→ WORK TO COMPLETE:
The copy must hold exactly the lines from the one with "Luego encontrará un" through the end of the listing below, and nothing else, with no pictures.

→ DATASET SECTION:
----------------------------------------
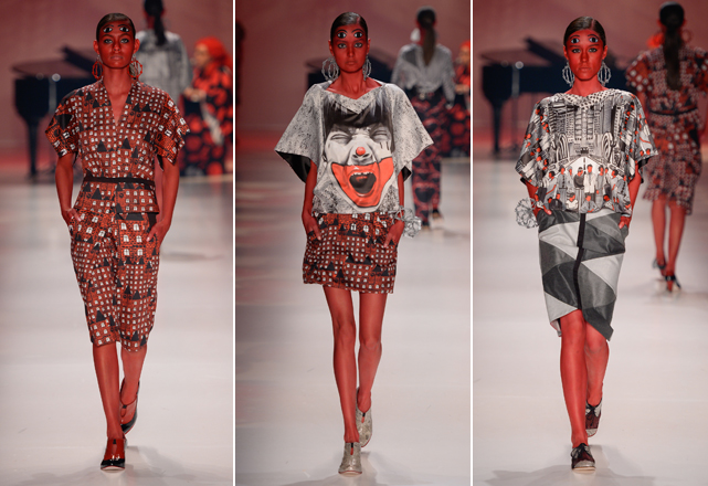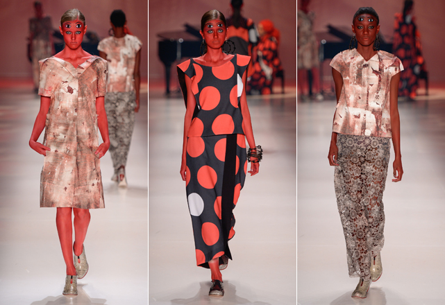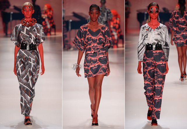 As torres de concreto e o opressor mundo das metrópoles aparecem nas peças estruturadas e afastadas do corpo, em tons de cinza colorido, entre pontos de vermelho – o sangue, nas palavras do próprio criador.
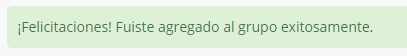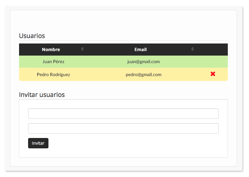 Luego encontrará un listado de los usuarios que pertenecen al grupo o que fueron invitados al mismo. Las filas señaladas en verde indican los usuarios actuales, y aquellas en amarillo los usuarios que fueron invitados pero aún no han  completado el proceso de crear su nuevo usuario.
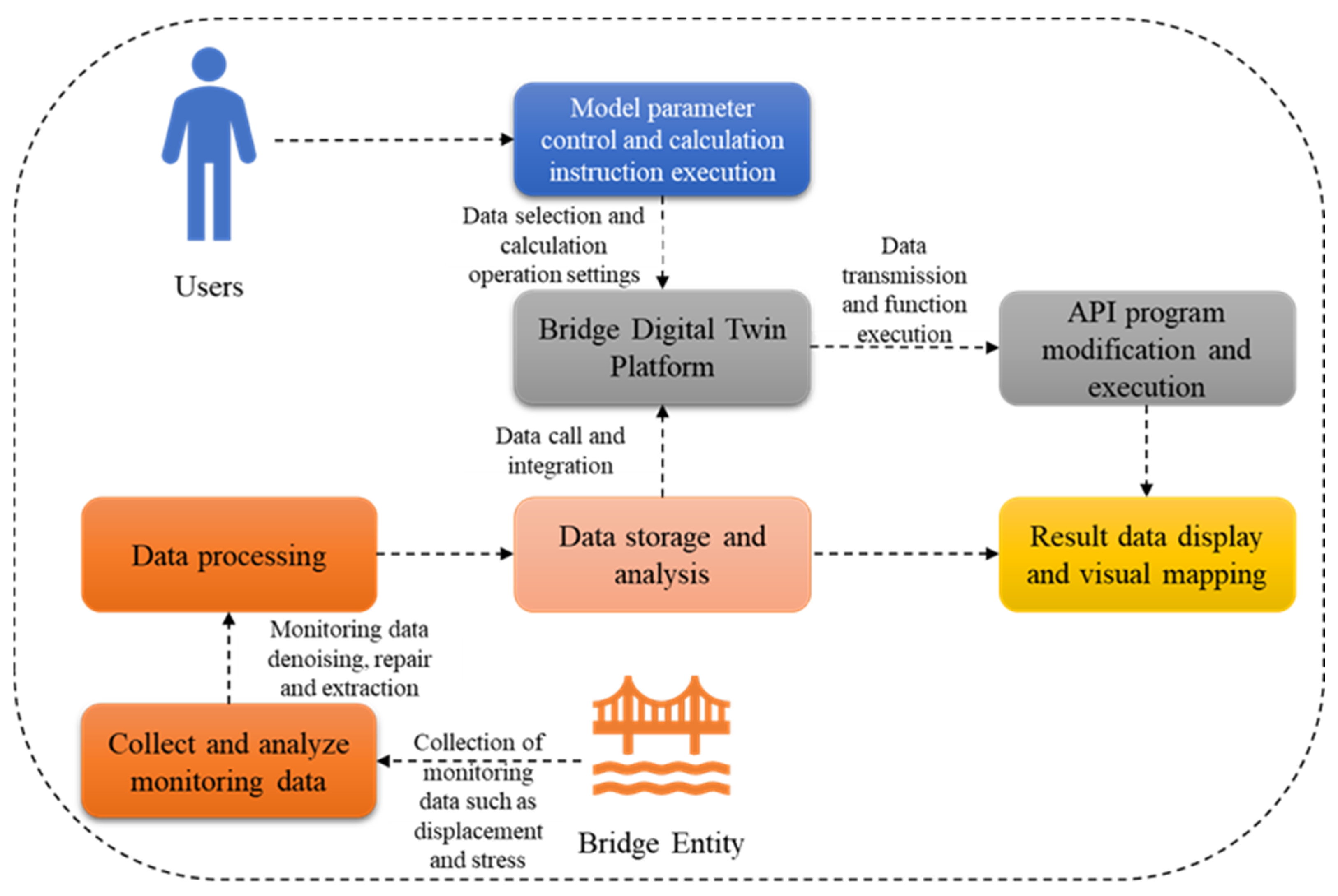 Cao, L.; Hu, P.; Chen, M.; Liu, Z.; Song, G.; Hong, D. Enabling Real-Time Mechanical Analysis in Digital Twin Systems: A Study on Multi-Source Heterogeneous Data Fusion via Midas Civil Integration. Buildings 2025, 15, 4228. https://doi.org/10.3390/buildings15234228
----------------------------------------
→ REPLY TO THE TASK:
 Luego encontrará un listado de los usuarios que pertenecen al grupo o que fueron invitados al mismo. Las filas señaladas en verde indican los usuarios actuales, y aquellas en amarillo los usuarios que fueron invitados pero aún no han  completado el proceso de crear su nuevo usuario.
 Cao, L.; Hu, P.; Chen, M.; Liu, Z.; Song, G.; Hong, D. Enabling Real-Time Mechanical Analysis in Digital Twin Systems: A Study on Multi-Source Heterogeneous Data Fusion via Midas Civil Integration. Buildings 2025, 15, 4228. https://doi.org/10.3390/buildings15234228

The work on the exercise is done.